El exgeneral me trajo un regalo que me hizo estremecer, un obsequio que me deja una herida, un dolorcillo en el corazón, una tristeza, una nostalgia. Me entregó las fotocopias del diario de campaña de “La Chiqui”: Carmenza Cardona Londoño. La jovencita que puso a sus pies al gobierno de Turbay, en la toma de la Embajada Dominicana. La mujer, pequeña de estatura, pero de inmensa valentía, que con su brazo en alto y su capucha nos puso a soñar a muchos, cuando le gritó a toda Colombia, en 1980: ¡Dignidad!
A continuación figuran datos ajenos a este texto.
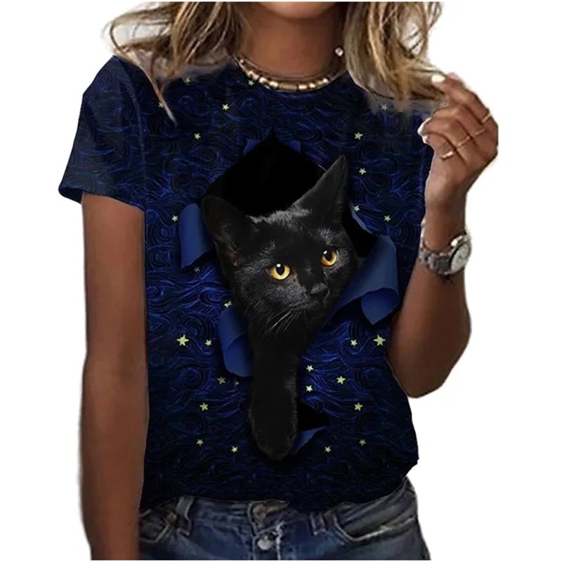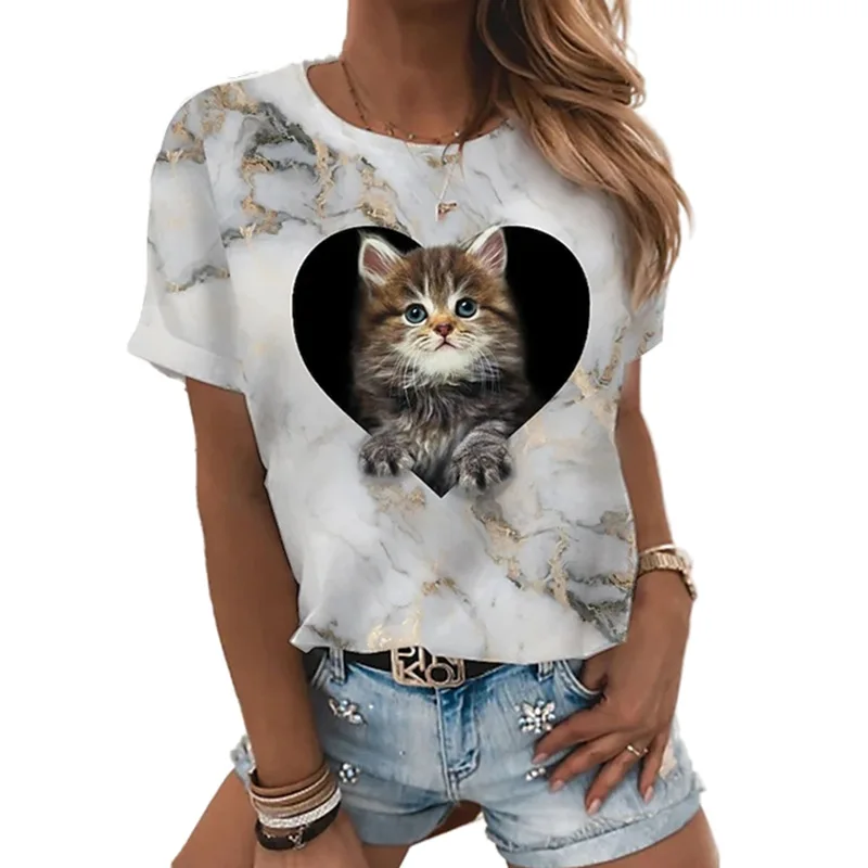 Летняя модная женская футболка с цифровым 3D принтом, футболка с коротким рукавом, милый топ с круглым вырезом и котом, свободный и удобный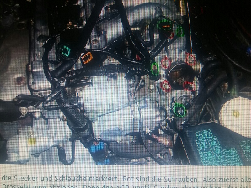 Nun habe ich gesucht und siehe da, an der ansaugbrücke ist ein kleiner magnetschalter. An diesen magnetschalter geht ein unterdruckschlauch von der drosselklappe und von dort aus über die hochdruckpumpe nach unten abgewinkelt weiter. Mir fehlt irgendwie der unterdruckschlauch der winkelstück kommt. Weis jemand zufällig wo der hin geht/ran gehört?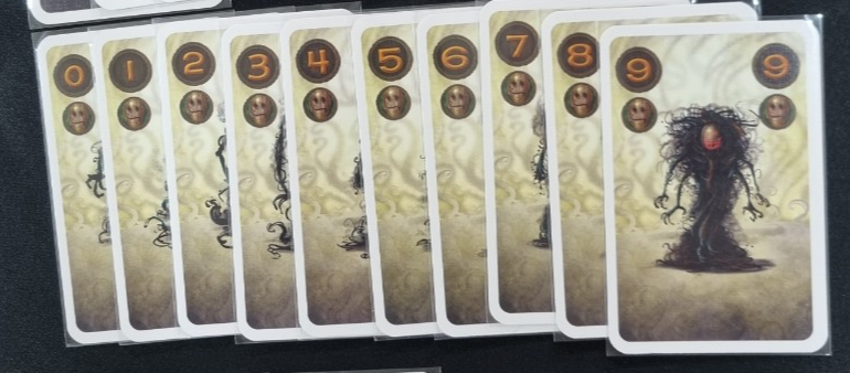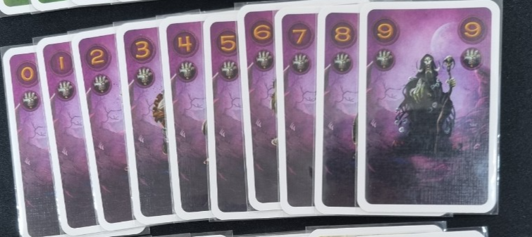 1. 두 번째 플레이어가 선 플레이어와 같은 종족 카드를 플레이 했다면 더 높은 숫자의 카드(0이 제일 낮고, 9가 제일 높음)를 낸 플레이어가 트릭을 따내고 테이블 가운데에 공개된 카드를 획득합니다.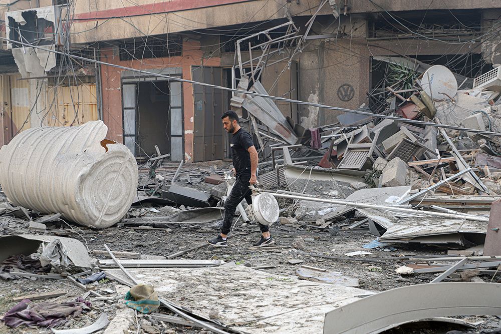 一名巴勒斯坦人从以色列空袭后的建筑废墟中寻找物品。(图片来源:新华社)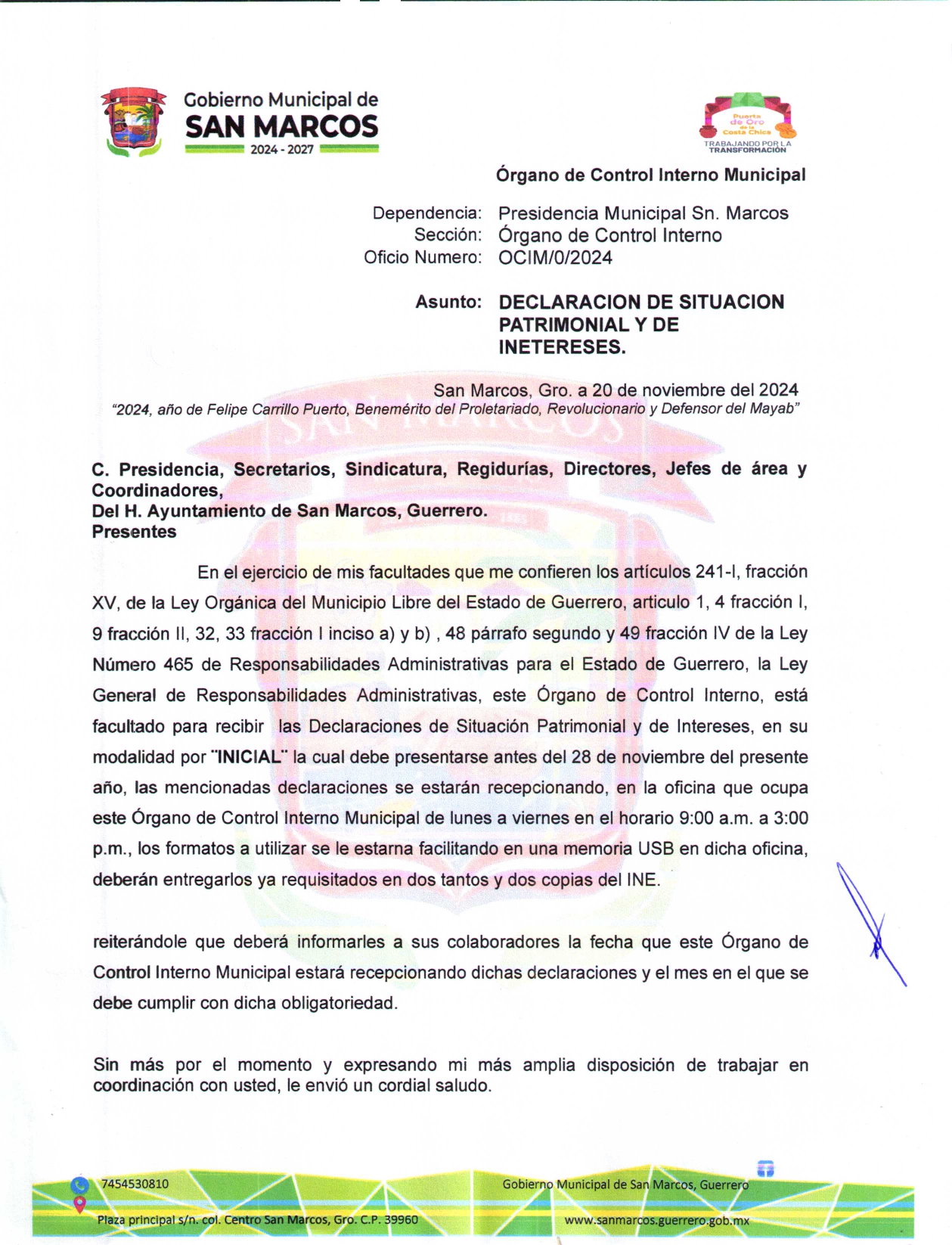 Dar clic aqui para descargar el oficio dirigido por el Organo de Control Interno Municipal.

En una agenda de Ecopetrol, Carmenza, quien se hacía llamar Natalia, escribió su día a día. Narró casi cuatro meses de travesía armada por el Chocó, desde el mar donde desembarcó con sus compañeros soñadores, hasta el Alto Andagueda, ya en Risaralda.
Devoré ese diario en menos de dos horas hasta que llegué a la página en blanco que seguía a su última palabra. Ese blanco inmenso en el que más nunca escribirá ella; ese blanco que ya no se llenará de palabras; el blanco de un autor desaparecido, el blanco de las palabras que ya no estarán. Esa página en blanco, al final de su última palabra, estaba llena de su muerte en combate. Ese blanco que me dejó un nudo en la garganta, una impotencia.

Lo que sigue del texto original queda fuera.